_PROBLEM DESCRIPTION_. Transcribe exactly the lines from the first line of the records through the line containing "Nytårskuren den 8.", and leave out every picture.

DATA START

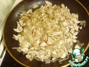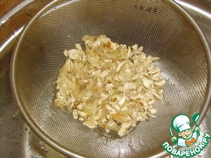 Готовую смесь из курицы и лука откинуть на дуршлаг, чтобы удалить лишний жир (масло).
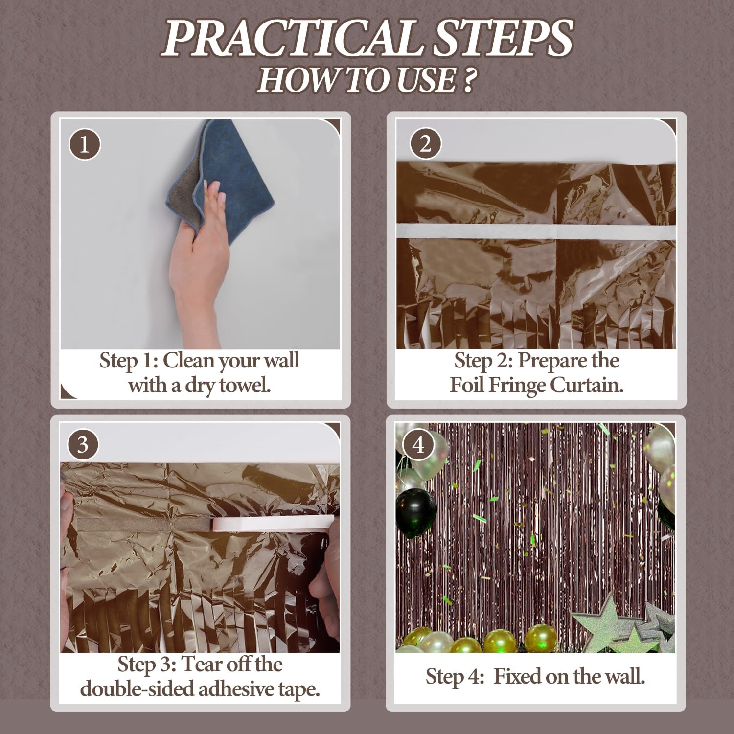 3 Pack Foil Fringe Backdrop - Brown Shiny Tinsel Curtains for Party Decoration/Photo Booth Props - 3.3x8.2 FT Metallic Foil Backdrop for Birthday, Wedding, Graduation, Christmas.
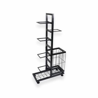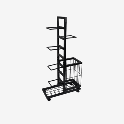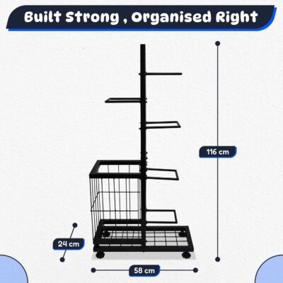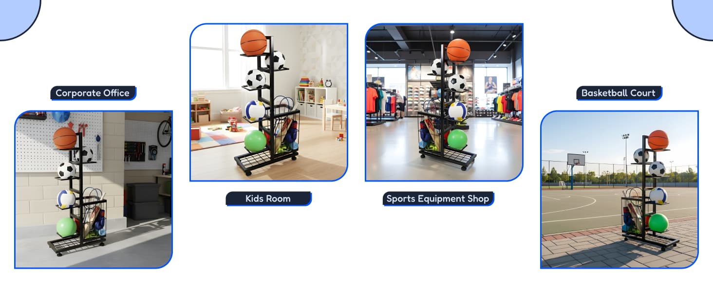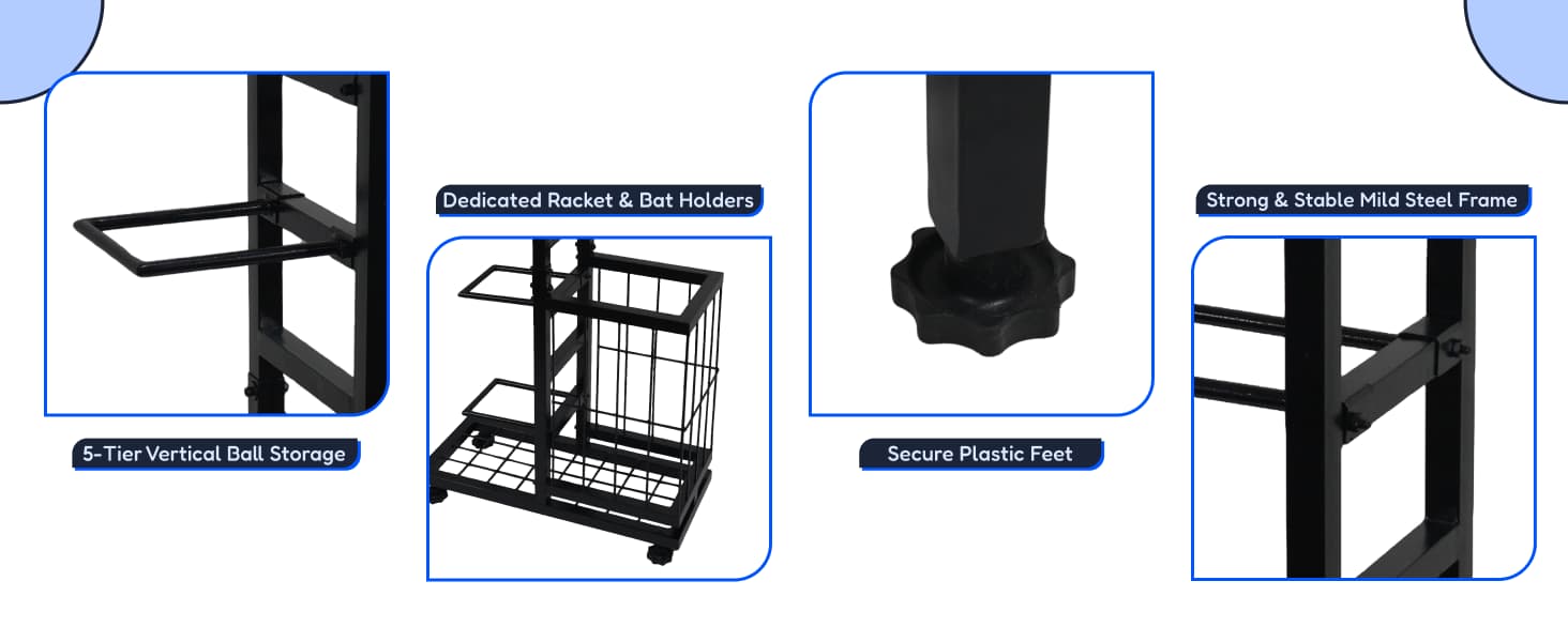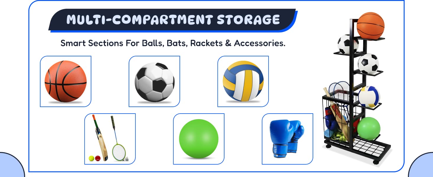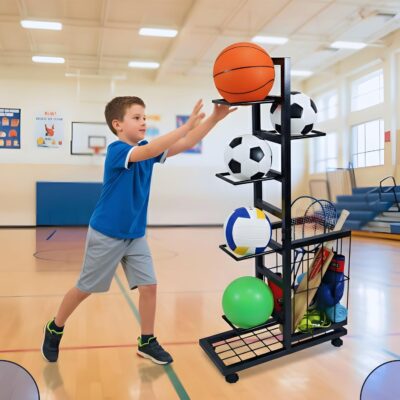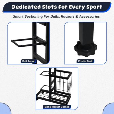 • Multi-Level Sports Organizer: This Five-tier storage holds large balls, side holders for rackets and bats, and a cage for smaller items like tennis balls or shuttlecocks
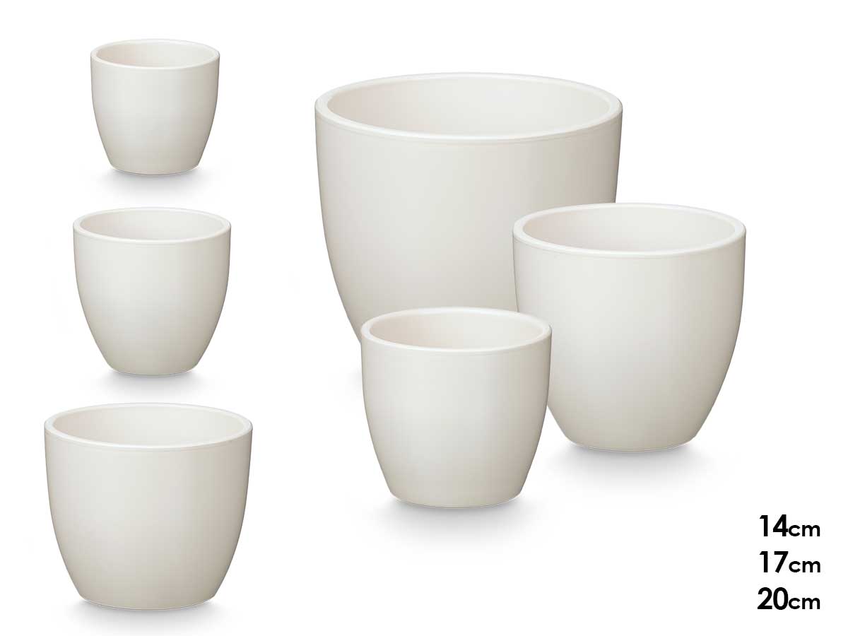 Set 3 rounded pots 14 17 22cm matt white
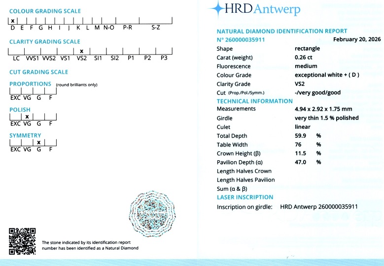 Diamant natural 0,26 ct., culoare D(exceptional white+), claritate VS2, forma dreptunghiulara, fluorescenta medie, dimensiune 4,94 x 2,92 x 1,75 mm, certificare HRD Antwerp 260000035911.
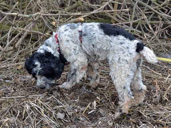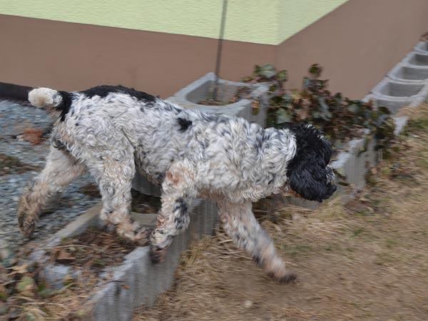 ... da so ein langer Spaziergang mächtig hungrig macht, gab es Kalbsknochen für die Hunde. Pupa wusste aber, dass in der Box auch noch Hühnerhälse sind und versuchte ihr Glück ... leider vergeblich *g*
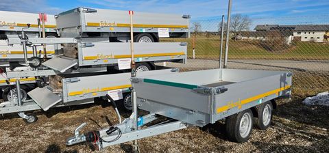 Toller universeller Autotransporter mit nur 10 Grad Auffahrtswinkel, Alu Aufsatzwände, voller Siebdruckboden, Automatisches Stützrad, Am Foto unten Pótkocsik Szemé
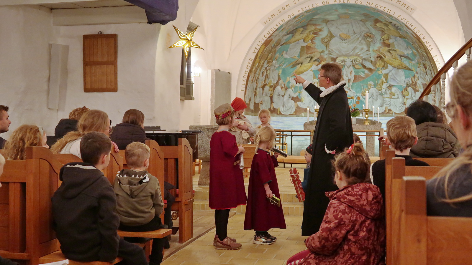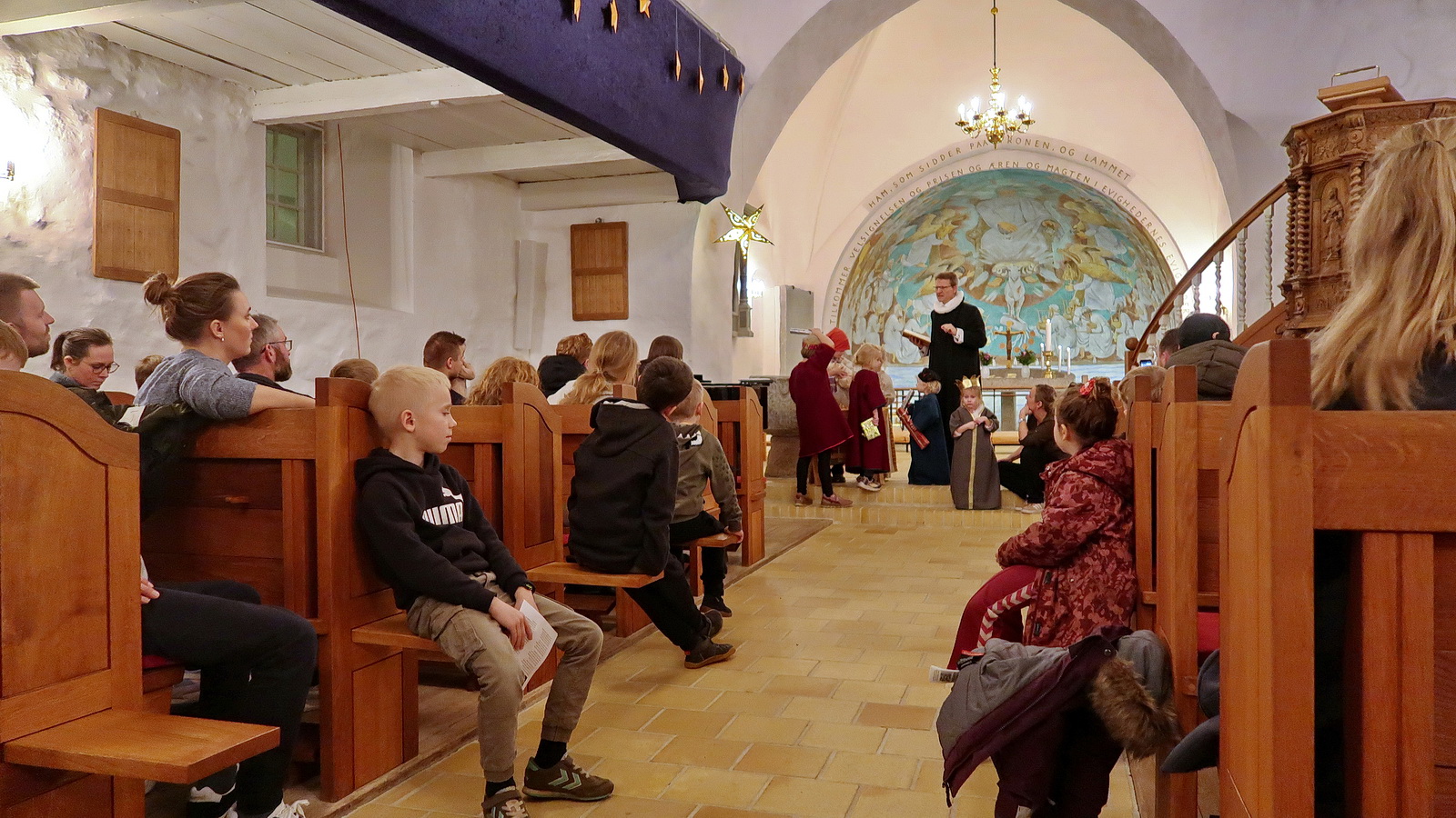 Nytårskuren den 8. januar faldt i år sammen med den spaghettigudstjeneste, der normalt finder sted anden onsdag i måneden. Vi mødtes i kirken sammen med børn og forældre - og vi blev budt velkommen som bedsteforældre! Sognepræst Erik Holmgaard og Kirke- og kulturmedarbejder Vibeke Hansen Vibe stod for gudstjenesten, som handlede om De hellige tre Konger. Fortællingen blev fortalt og dramatiseret, og der blev sunget til.
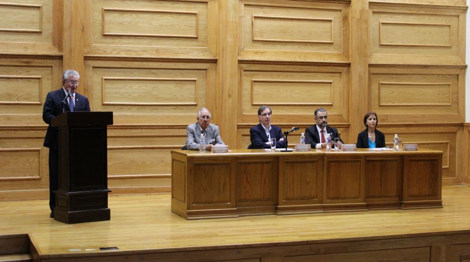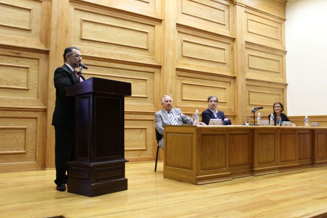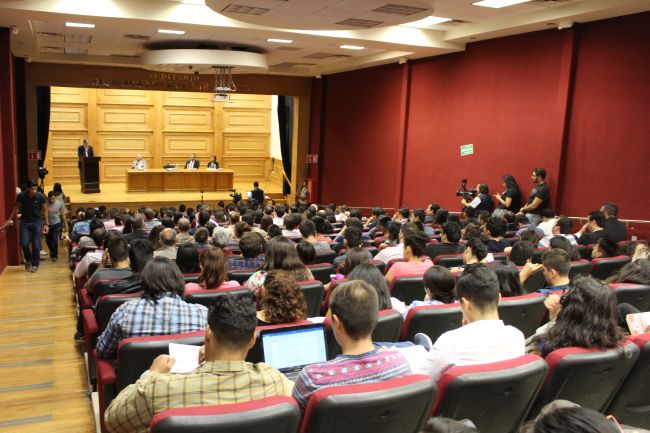 El presídium estuvo compuesto por el Director Interino de la Facultad de Derecho, Lic. Luis Alfonso Rivera, la presidenta del H. Congreso del Estado, Dip. Blanca Gámez, el Consejero Presidente del Instituto Estatal Electoral, Arturo Meraz González y el expositor Dr. Jose Woldenberg Karakowsky.
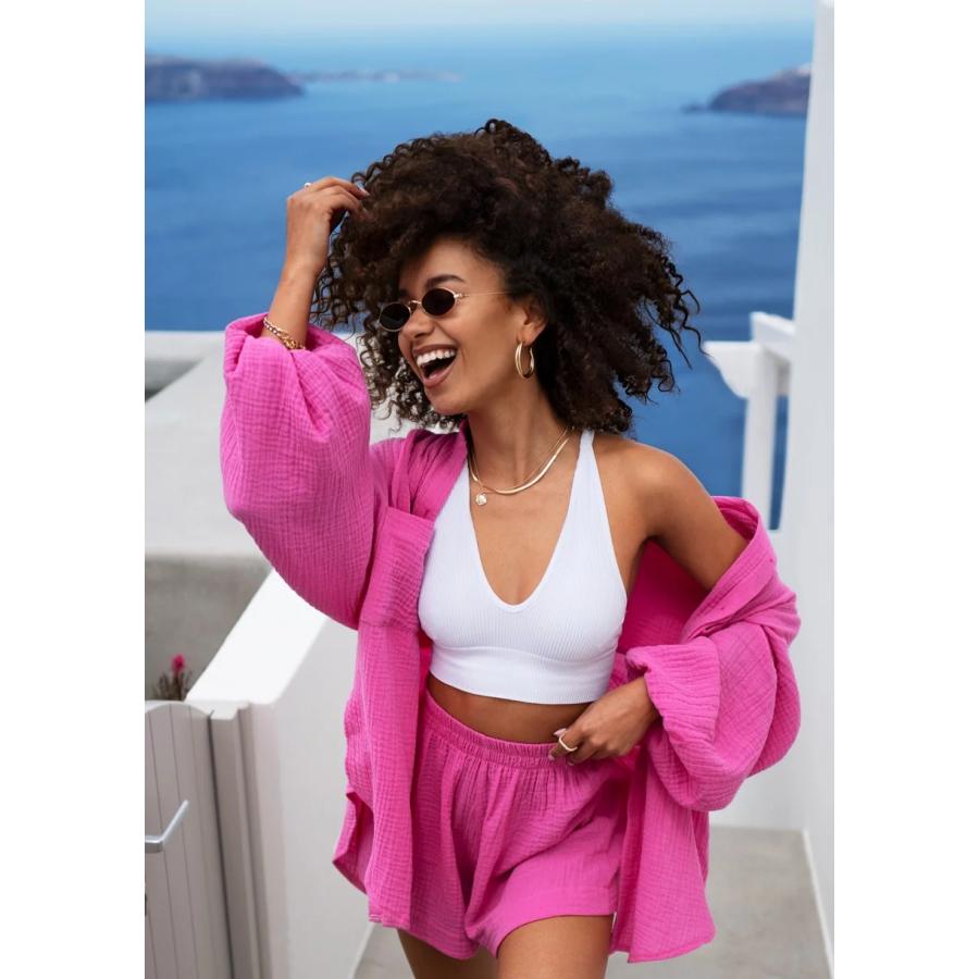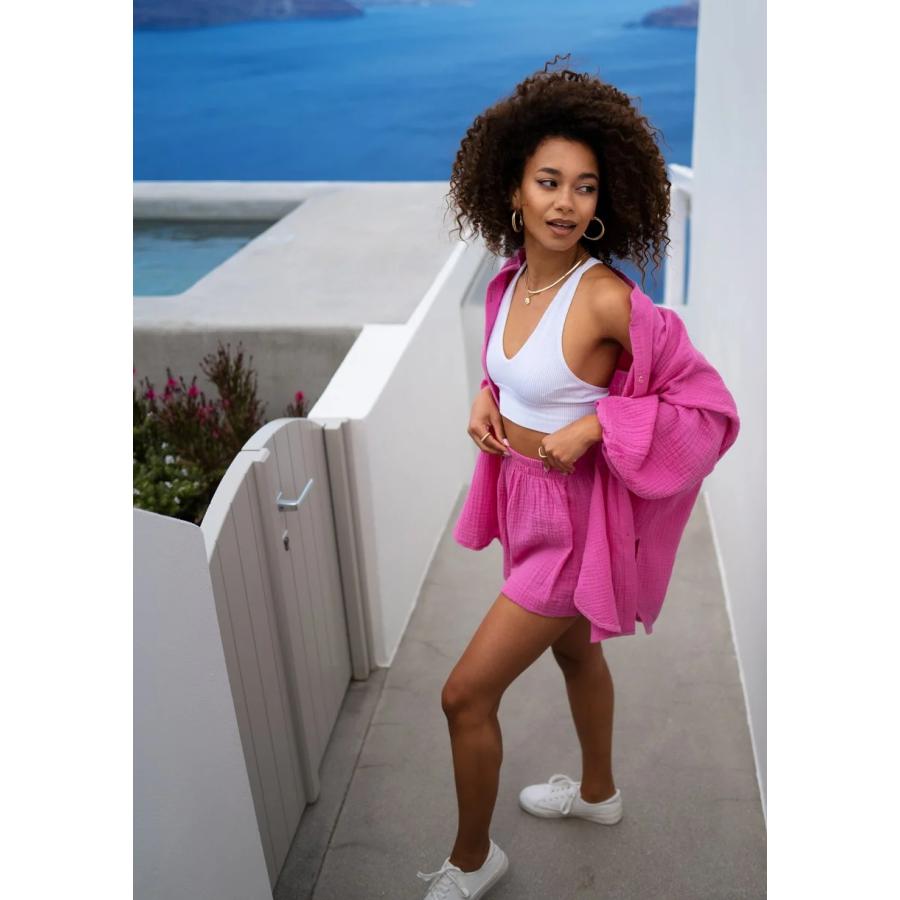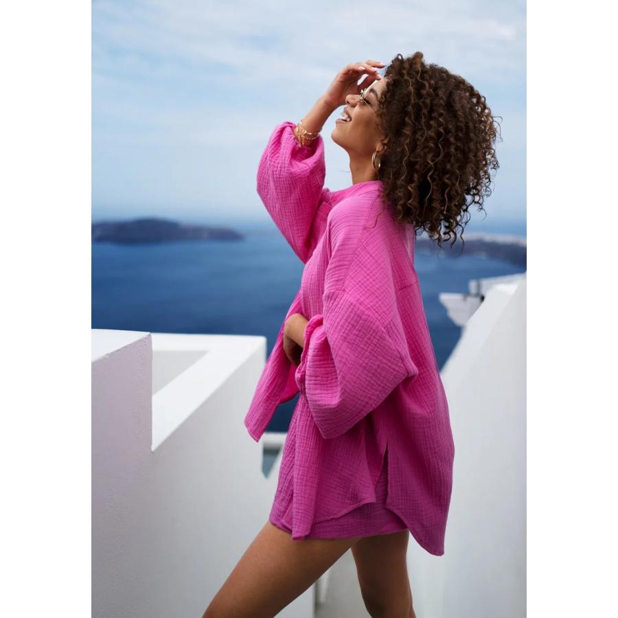 Růžová dámská košile ze vzdušného mušelínu. Stylový oversize model s pohodlnými gumičkami na rukávech.

DATA END

_OUTPUT OF THE EXERCISE_.
 Готовую смесь из курицы и лука откинуть на дуршлаг, чтобы удалить лишний жир (масло).
 3 Pack Foil Fringe Backdrop - Brown Shiny Tinsel Curtains for Party Decoration/Photo Booth Props - 3.3x8.2 FT Metallic Foil Backdrop for Birthday, Wedding, Graduation, Christmas.
 • Multi-Level Sports Organizer: This Five-tier storage holds large balls, side holders for rackets and bats, and a cage for smaller items like tennis balls or shuttlecocks
 Set 3 rounded pots 14 17 22cm matt white
 Diamant natural 0,26 ct., culoare D(exceptional white+), claritate VS2, forma dreptunghiulara, fluorescenta medie, dimensiune 4,94 x 2,92 x 1,75 mm, certificare HRD Antwerp 260000035911.
 ... da so ein langer Spaziergang mächtig hungrig macht, gab es Kalbsknochen für die Hunde. Pupa wusste aber, dass in der Box auch noch Hühnerhälse sind und versuchte ihr Glück ... leider vergeblich *g*
 Toller universeller Autotransporter mit nur 10 Grad Auffahrtswinkel, Alu Aufsatzwände, voller Siebdruckboden, Automatisches Stützrad, Am Foto unten Pótkocsik Szemé
 Nytårskuren den 8. januar faldt i år sammen med den spaghettigudstjeneste, der normalt finder sted anden onsdag i måneden. Vi mødtes i kirken sammen med børn og forældre - og vi blev budt velkommen som bedsteforældre! Sognepræst Erik Holmgaard og Kirke- og kulturmedarbejder Vibeke Hansen Vibe stod for gudstjenesten, som handlede om De hellige tre Konger. Fortællingen blev fortalt og dramatiseret, og der blev sunget til.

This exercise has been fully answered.